The media coverage and analysis of Bush's 2005 State of the Union address and the Democratic response indicated that the Bush administration's pressure on reporters -- to use the term "personal accounts" rather than "private accounts" in discussing Bush's social security privatization plan -- worked. As Media Matters noted, polling showed that the public responded less favorably to the term "private accounts," a term Bush himself used in the past.

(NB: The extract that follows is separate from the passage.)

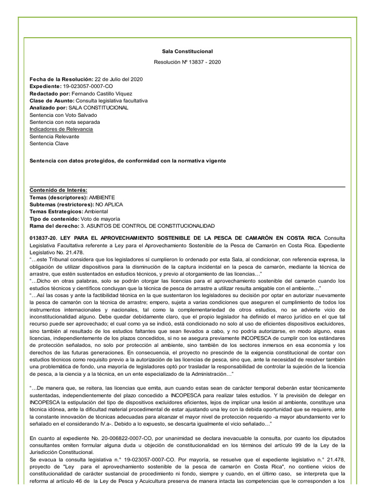 camarón. · En el voto 7978-2019 de la Sala Constitucional se establece que “para la toma de decisiones en esa materia resultaba
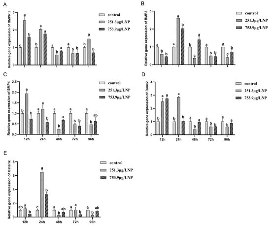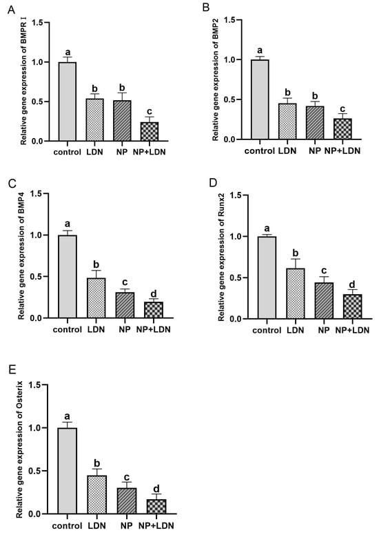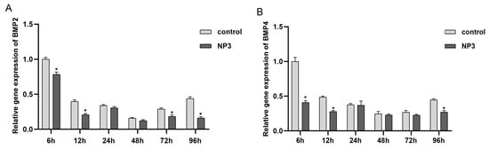 3.4. BMP2 and BMP4 Expression in Different Developmental Stages after NP Treatment

Matthews and crew pushed Bush administration's terminology on Social Security privatization
On the February 2, 2005, edition of Hardball preceding Bush's State of the Union address, host Chris Matthews adopted Bush's preferred terminology for his plans to partially privatize Social Security by referring to "personal accounts," rather than "private accounts" or "privatization." After stumbling on the previous evening's Hardball and acquiescing to the Bush administration's pressure on the media to abandon the term "private accounts" in favor of "personal accounts," Matthews spoke again of "personal accounts" on at least four separate occasions, and then-NBC White House correspondent David Gregory also used the term. Later, then-Newsweek chief political correspondent Howard Fineman stated that Democrats "refuse to call it 'personal accounts' -- for them it's always 'private accounts.' "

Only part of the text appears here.